Защита интересов русской торговли и промышленности на Дальнем Востоке, постройка Амурской железной дороги.
Школьная реформа, улучшение материального положения преподавателей, общедоступность, а впоследствии – и обязательность начального образования.
Возрождение армии и флота.
Правительственная декларация показывала, что времена переменились. Никто не перебивал, как прежде, председателя Совета министров криками «В отставку!». Выслушали молча, по окончании раздались шумные аплодисменты справа.
Семья Петра Аркадьевича находилась в зале, в ложах для публики, и с облегчением глядела на его удовлетворенное лицо, когда он сходил с трибуны. Может быть, наступала долгожданная пора объединения властей и Думы во имя блага России?
Но нет. На трибуну поднимается молодой грузинский социал-демократ Церетели и снова – резкое неприятие правительства. Его перебивают возгласами:
– Долой! Ложь! У вас руки в крови!
Сталкивались две непримиримые силы. На каждую речь левых ораторов правые отвечали двумя. На трибуне побывало больше двадцати депутатов. Наконец было принято решение прекратить прения, и все повернулись к Столыпину. Что он? Промолчит? Проигнорирует, как Горемыкин? Или даст отповедь?
Мария фон Бок (Столыпина): «Слушая с бьющимся сердцем ораторов, я не спускала в то же время глаз с папá. Зная и понимая его, насколько это было доступно, я переживала с ним эти горькие минуты и сразу сознала, что не в его характере оставить дело так, что на грубые выпадки он ответит и не допустит в такой момент прекращения прений.
Да. Так и есть. Папа встал и с гордо поднятой головой спокойно взошел на трибуну, и так властно и уверенно раздался его голос, что вся огромная, только что гудевшая и стонавшая от криков зала вдруг замерла.
Никогда еще папá так не говорил. Никогда не были его слова и интонация так выразительны и так полны чувством собственного достоинства, как этот раз» (Цит. по: Рыбас С., Тараканова Л. Указ. соч. С. 101).
Что же сказал в своей неожиданной речи Реформатор?
То, что он не имел возможности ее подготовить, что она родилась мгновенно, делает ее очень интересной для нас. В ней – вся столыпинская натура.

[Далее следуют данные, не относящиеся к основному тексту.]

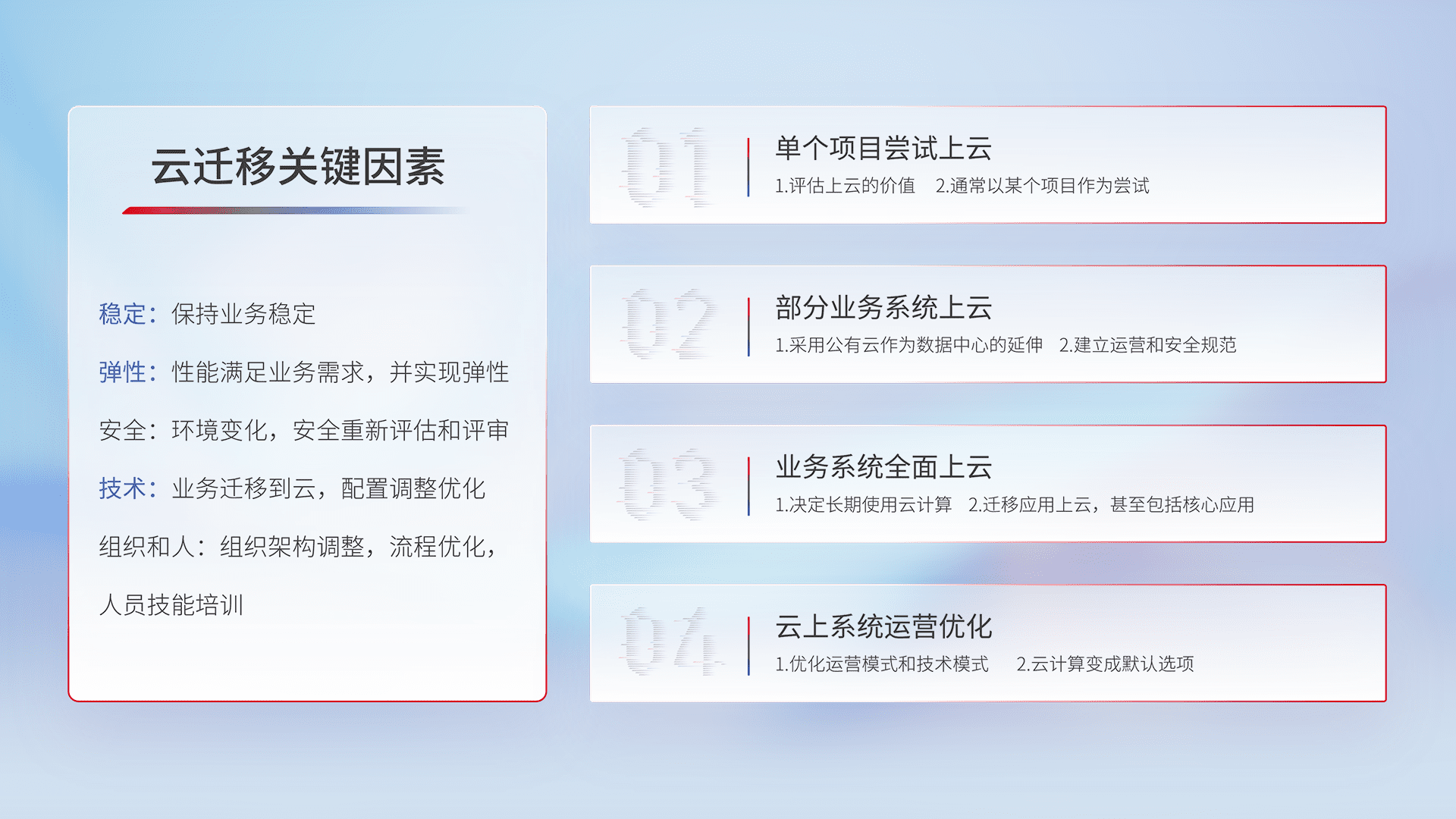 结合实际业务,,,,从规划设计、、、、云平台选型、、云原生改造、、数据迁移、、、、集成交付,,迁移全过程为客户识别最佳上云路径,,做好风险识别管理,,,设计网络架构、、、身份权限、、、安全审计合规、、、、操作审计、、、、日志审计、、、、监控告警策略、、多站点容灾设计等,,对云上基础设施进行整体规划,,,,提升IT治理水平,,以满足弹性、、高可用、、高性能的需求。。。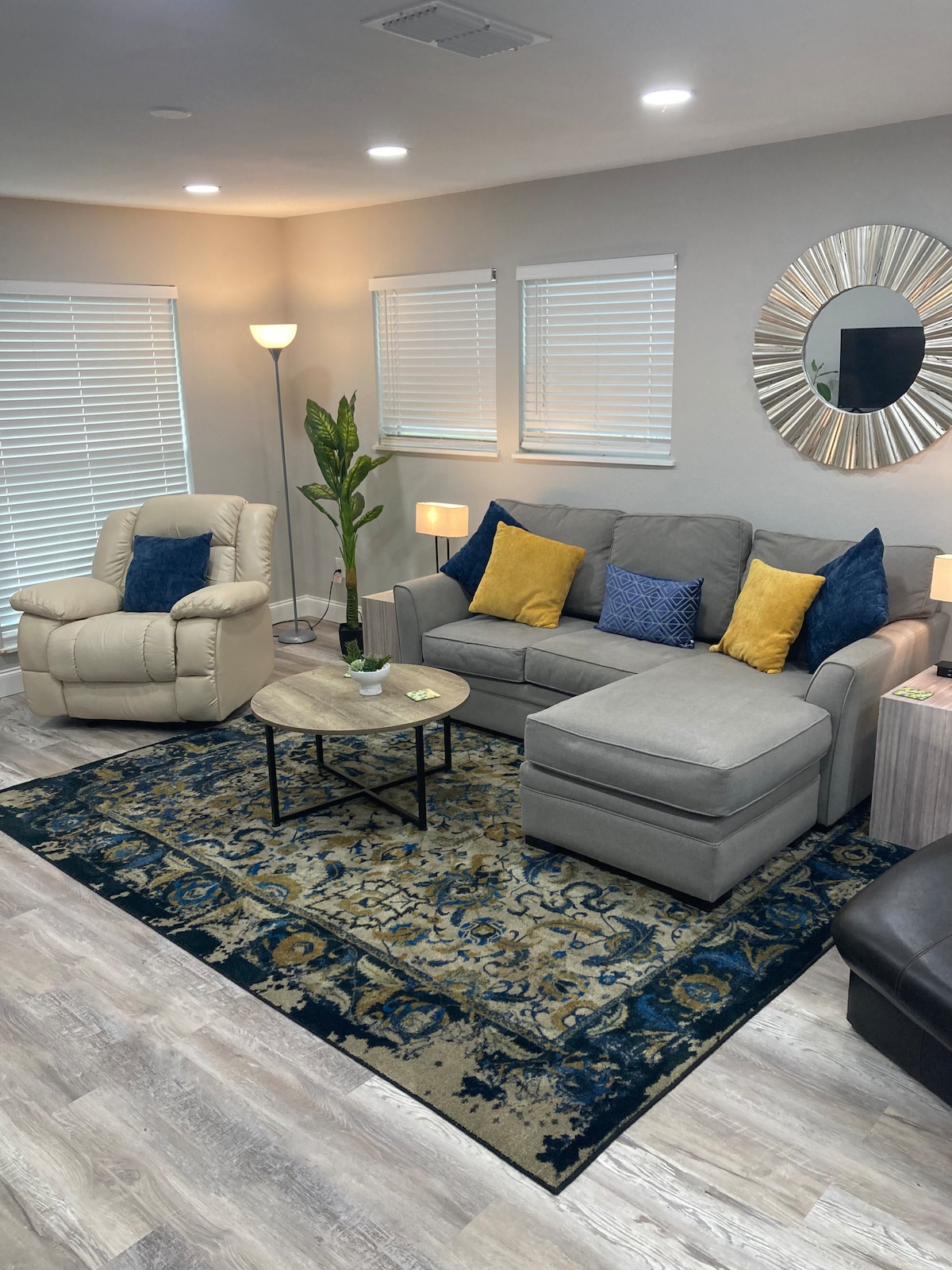 Bienvenido a tu propia casa de huéspedes privada con tu propia valla y puerta para perros para la comodidad de tus mascotas. Este estudio de 600 pies cuadrados combina el dormitorio con una cama de tamaño completo, escritorio, sala de estar y cocina abierta y el baño grande con vestidor separado por puertas. También tienes tu propia unidad de calefacción/aire acondicionado central para que puedas mantener la temperatura a tu gusto. También tendrás acceso a un refrigerador de tamaño completo y estacionamiento cubierto.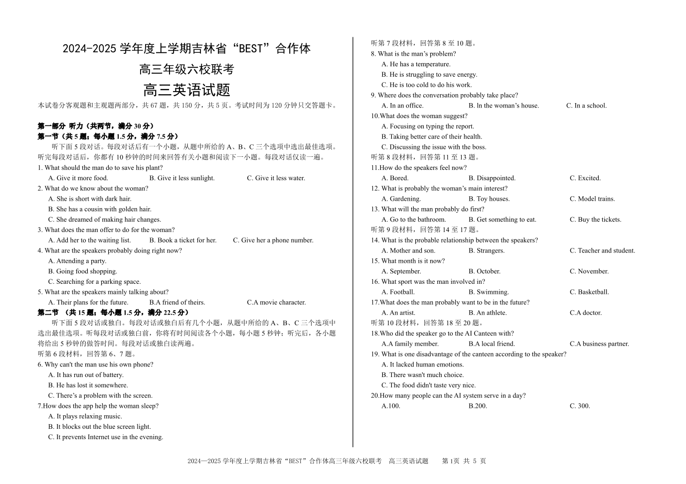 吉林省“BEST”合作体六校2025届高三上学期第三次联考 英语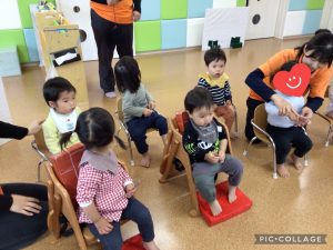 「上からぎゅって持って仲良し仲良しするんだよね!」と声をかけてもらうと、自分の手を見つめて親指とそれ以外の指を合わせて“仲良し”をしましたよ🎵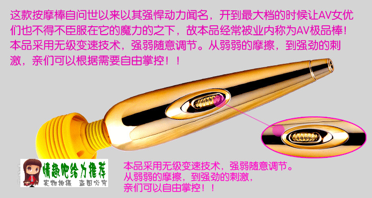 不必過多的介紹,相信看過AV影片的人都會知道這款產品,也都見識過它的厲害,它的出場必定是時刻,每當****優激情淫聲驚呼時,你是否也想嘗試一翻呢?AV按摩棒的出世是情趣玩具的一個經典,也是一個終極,沒有哪一款產品能超越它的刺激程度,它給你所帶來的高潮是一種歇斯底裡的情欲釋放。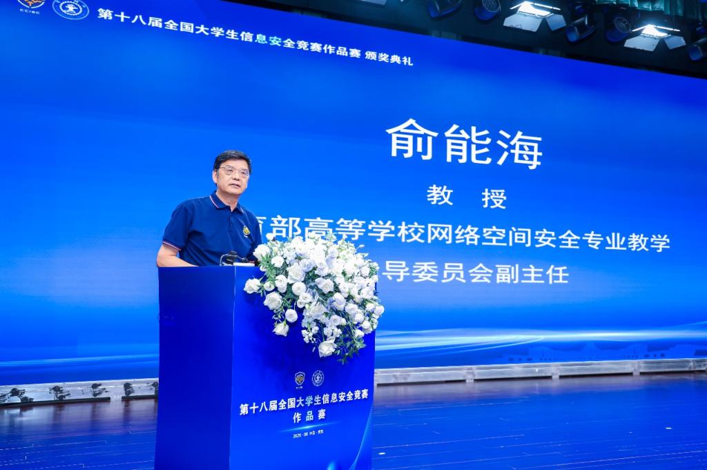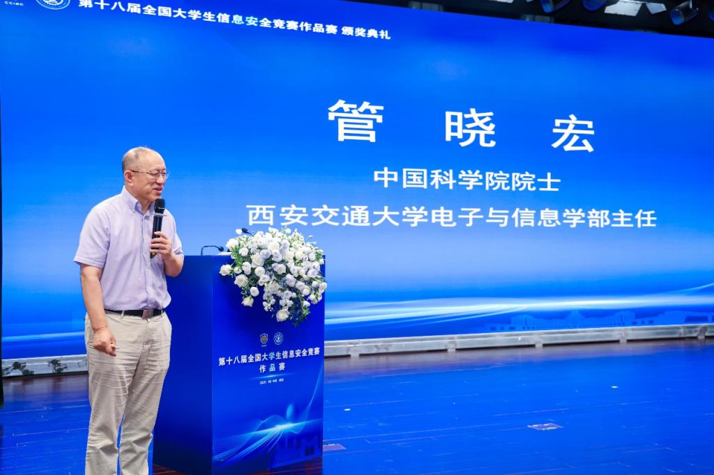 颁奖典礼由教育部高等学校网络空间安全专业教学指导委员会副主任委员俞能海教授主持。西安交大党委常委、副校长洪军教授,上海交通大学信息内容分析技术国家工程实验室主任、教育部高等学校网络空间安全专业教学指导委员会副主任李建华教授,西安交通大学网络空间安全学院院长苏洲教授、西安交通大学网络空间安全学院党委书记韩博研究员等出席活动。教育部高等学校网络空间安全专业教学指导委员会秘书长封化民教授宣布获奖名单。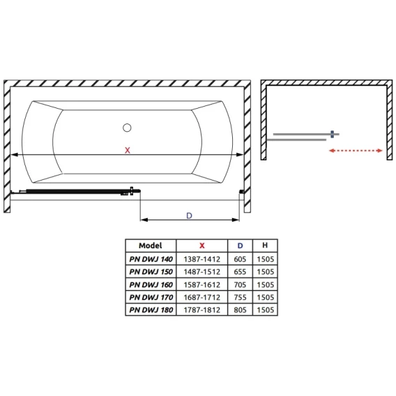 Шторка для ванны Radaway Idea Black PN DWJ 170 Left 10003170-54-01L прозрачное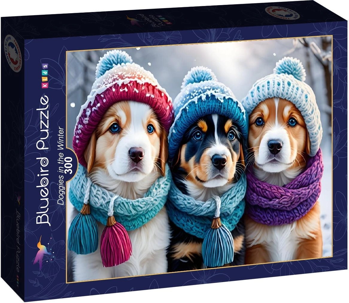Otkrijte radost slaganja s puzzle BLUEBIRD „Psići zimi” od 300 dijelova. Motiv pun prijateljskih psećih njuški u čarobnom zimskom ambijentu razveselit će djecu i odrasle te postati lijepa dekoracija nakon slaganja. Srednji broj dijelova osigurava uravnotežen izazov i ugodno provedeno vrijeme s obitelji.

«Господа, я не предполагал выступать вторично перед Государственной Думой, но тот оборот, который приняли прения, заставляет меня просить вашего внимания. Я хотел бы установить, что правительство во всех своих действиях, во всех своих заявлениях Государственной Думе будет держаться исключительно строгой законности.
Правительству желательно было бы изыскать ту почву, на которой возможна совместная работа, найти тот язык, который был бы нам одинаково понятен. Я отдаю себе отчет, что таким языком не может быть язык ненависти и злобы. Я им пользоваться не буду.
Возвращаюсь к законности. Я должен заявить, что о каждом нарушении ее, о каждом случае, не соответствующем ей, правительство обязано будет громко заявлять: это его долг перед Думой и страной. В настоящее время я утверждаю, что Государственной Думе волею Монарха не дано право выражать правительству недоверие. Это не значит, что правительство бежит от ответственности. Безумием было бы предполагать, что люди, которым вручена была власть во время великого исторического перелома, во время переустройства всех законодательных устоев, чтобы люди, сознающие всю тяжесть возложенной на них задачи, не сознавали тяжести взятой на себя ответственности. Но надо помнить, что в то время, когда в нескольких верстах от столицы, от царской резиденции, волновался Кронштадт, когда измена ворвалась в Свеаборг, когда пылал Прибалтийский край, когда революционная волна разлилась в Польше и на Кавказе, когда остановилась вся деятельность в южном промышленном районе, когда распространялись крестьянские беспорядки, когда начал царить ужас и террор, правительство должно было отойти и дать дорогу революции, забыть, что власть есть хранительница государственности и целости русского народа, или действовать и отстоять то, что было ей вверено. По, господа, принимая второе решение, правительство роковым образом навлекло на себя и обвинение. Ударяя по революции, правительство, несомненно, не могло не задеть частных интересов. В то время правительство задалось одной целью – сохранить те заветы, те устои, начала которых были положены в основу реформ императора Николая П. Борясь исключительными средствами в исключительное время, правительство вело и привело страну во вторую Думу. Я должен заявить и желал бы, чтобы мое заявление было слышно далеко за стенами этого собрания, что тут, волею монарха, нет ни судей, ни обвиняемых, что эти скамьи (показывает на места министров) – не скамьи подсудимых – это места правительства. (Справа аплодисменты: «Браво! Браво!»)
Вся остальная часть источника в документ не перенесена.